Big leads are less safe in a world with more persistence, but only slightly so. A 30-point lead at half-time (ie with 3,600 seconds to go), is still safe 82% of the time, only 5% points less safe than it was in the world with lower levels of persistence.

But, maybe, games with higher rates of persistence are also characterised by greater accuracy and higher rates of scoring generally, so let's consider a situation where persistence is 60%, the average yield per Scoring Shot is 4, and the average time per Scoring Shot is just 2 minutes.

We again find that leads of any size are less safe that they were under the assumption that the relevant parameters could be estimated from the all-quarter analysis, though again we find that the probability of a 1-point lead with 60 seconds to go being run down is only slightly different under the assumptions made here than under the original assumptions - it alters from the original 31% to just 23%.

Our 30-point lead at half-time is also still safe 74% of the time, down from the 87% we had in the original table.


So, how does this model of scoring perform empirically? To answer this question let's again use the scoring progression data we have for 2008 to 2014 and, for every scoring event in the third and fourth quarters of the games in that sample, use the model to estimate the probability that the lead at that scoring event is safe given the size of the lead and the time remaining. In the first game in our sample, for example, Richmond led Carlton by 18 points with 1,076 seconds to go. Given that position, the model estimates the Tigers' lead should be safe 91% of the time.

We can also then calculate, with the benefit of the knowledge of the actual course of the remainder of the game, whether or not the lead was, indeed, safe, and then assess how well-calibrated are the model's probability assessments. A well calibrated forecaster is one who assesses as X% likely events that happen X% of the time, for all values of X.

The results of performing such an analysis appear in the table at left in which each row summarises the performance of the model for probability assessments falling within specific bounds. The first row, for example, summarises the results for those scoring events after which the model assessed the probability of the current lead being safe as less than 5%.

It reveals that, when such assessments were made in 3rd Quarters, the average estimated probability that the lead was safe (averaged across all the times when the assessed probability was under 5%) came in at about 4%, but that the leads at the time were safe, in fact, about 15% of the time.

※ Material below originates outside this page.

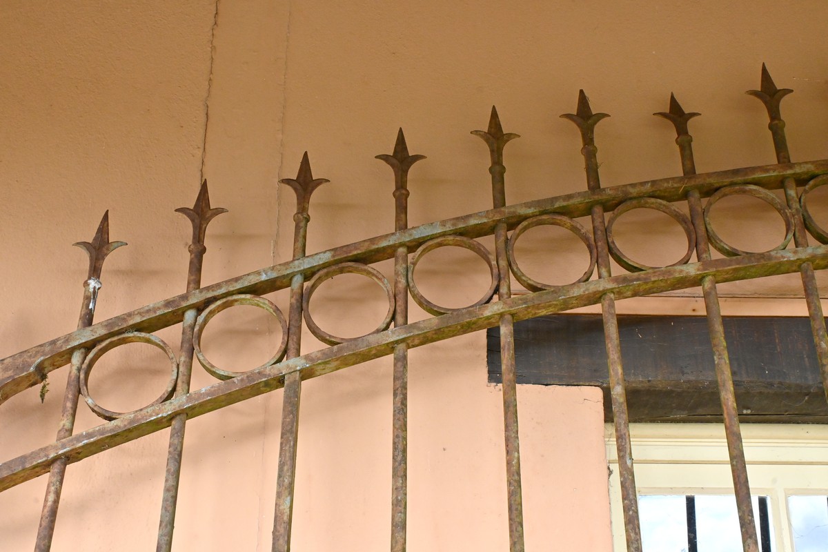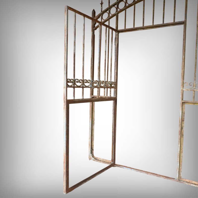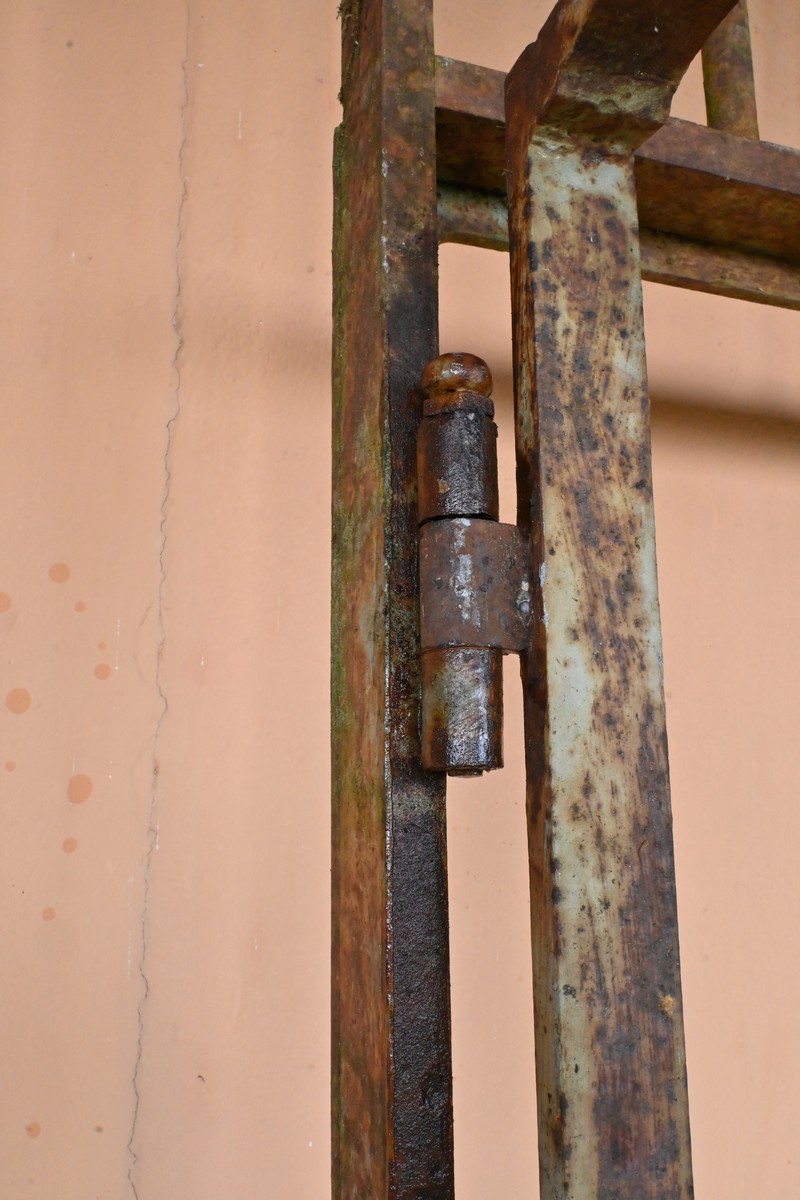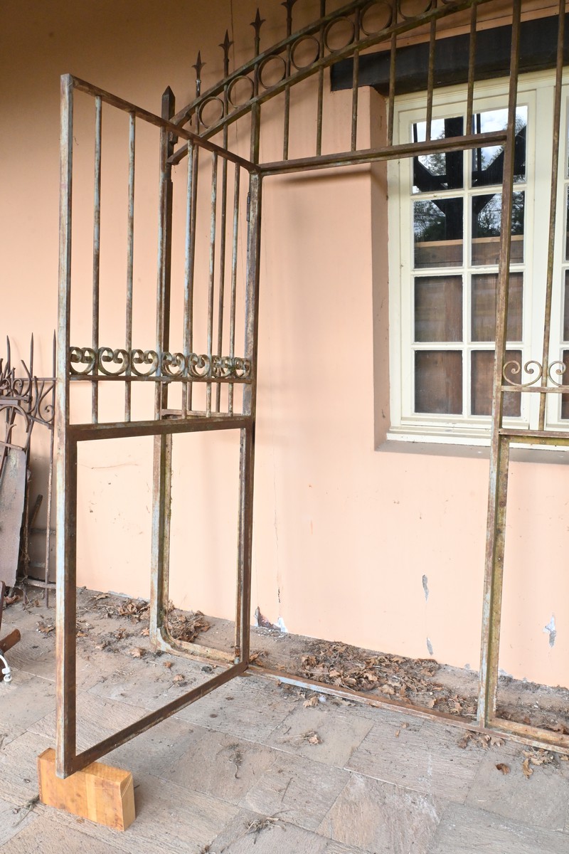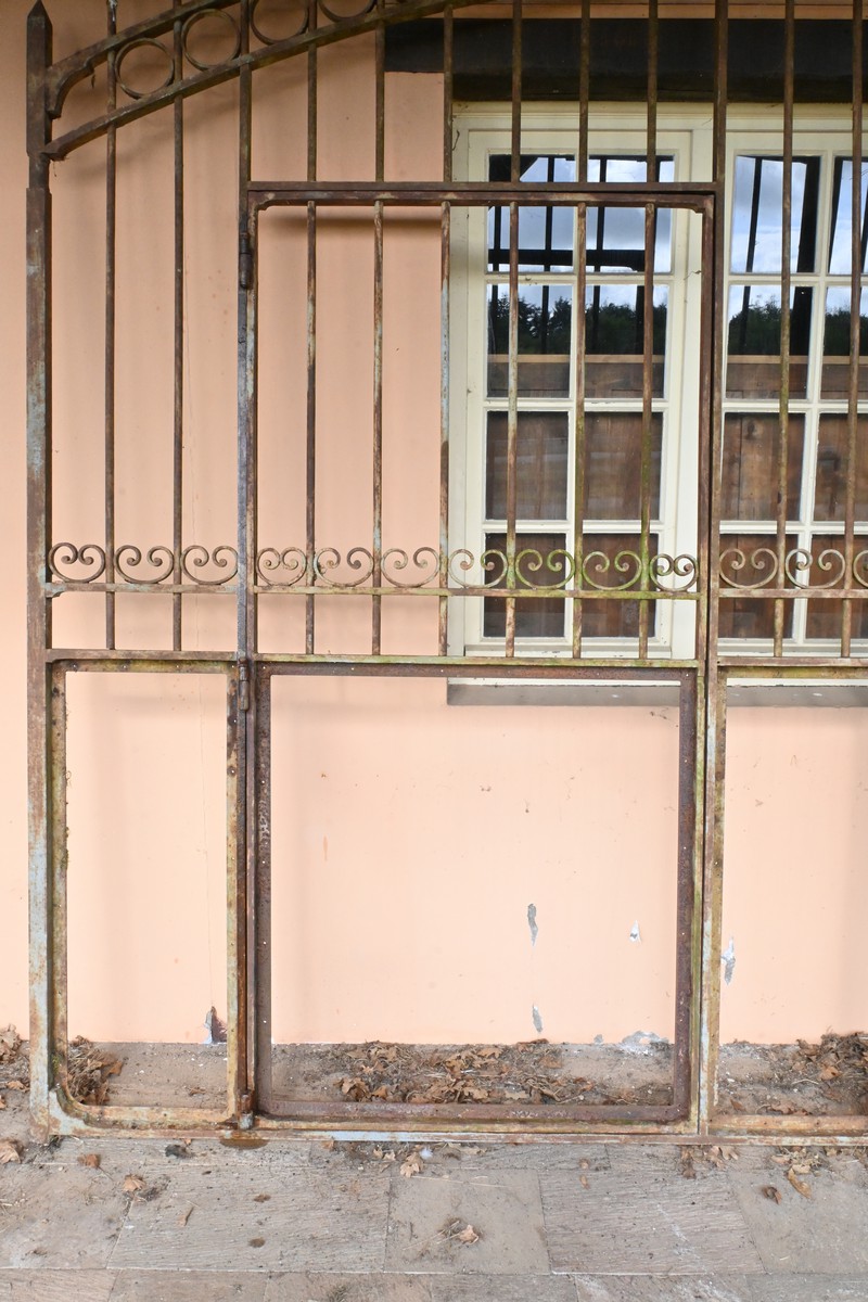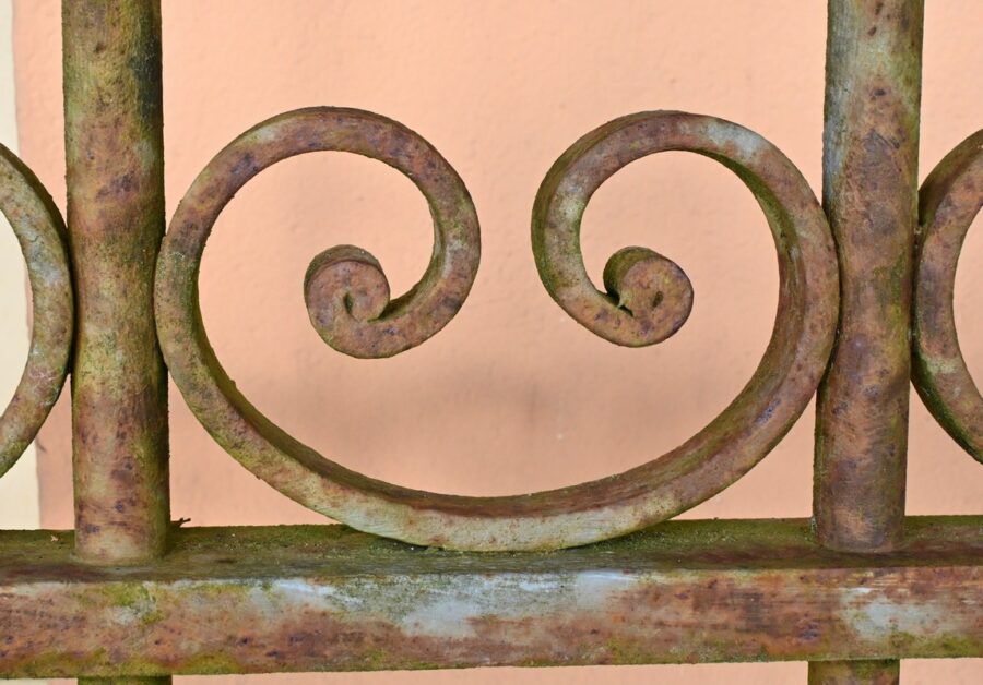 Ce portail en fer à deux vantaux, datant de la première moitié du XIXe siècle, incarne à la fois la robustesse et l’élégance caractéristiques de l’artisanat de l’époque.

The better calibrated the model, the closer will be these two numbers.

Looking firstly at the results for scoring events and assessments in 3rd Quarters suggests that the model is quite well-calibrated for probability assessments greater than 15% but is a little conservative about how safe leads are for smaller probability assessments.

In 4th Quarters the model is well-calibrated only for probability assessments greater than 55% and is, again, too conservative when its probability assessments are lower.

The conservatism in the model can't be blamed on the fact that we've used the all-quarter scoring averages for the model rather than averages relevant to specific quarters, because scoring is more frequent and the average score per event higher in 3rd and 4th Quarters, so using quarter-specific metrics in the model would tend to make it more conservative in this case.

More likely, the conservatism stems from the assumption that the teams are always evenly matched, which would tend to make larger leads less likely to be deemed safe than they really are. The paper does discuss how the probability formula might be adjusted to cater for teams of unequal ability, and this is a topic I might look at in a future post.

In the meantime and in any case, I think it's interesting to see how well the model performs generally, especially when it deems a lead to be safe with a probability in excess of 50%. There is then, apparently, something of a random walk in the progression of the score in an AFL game.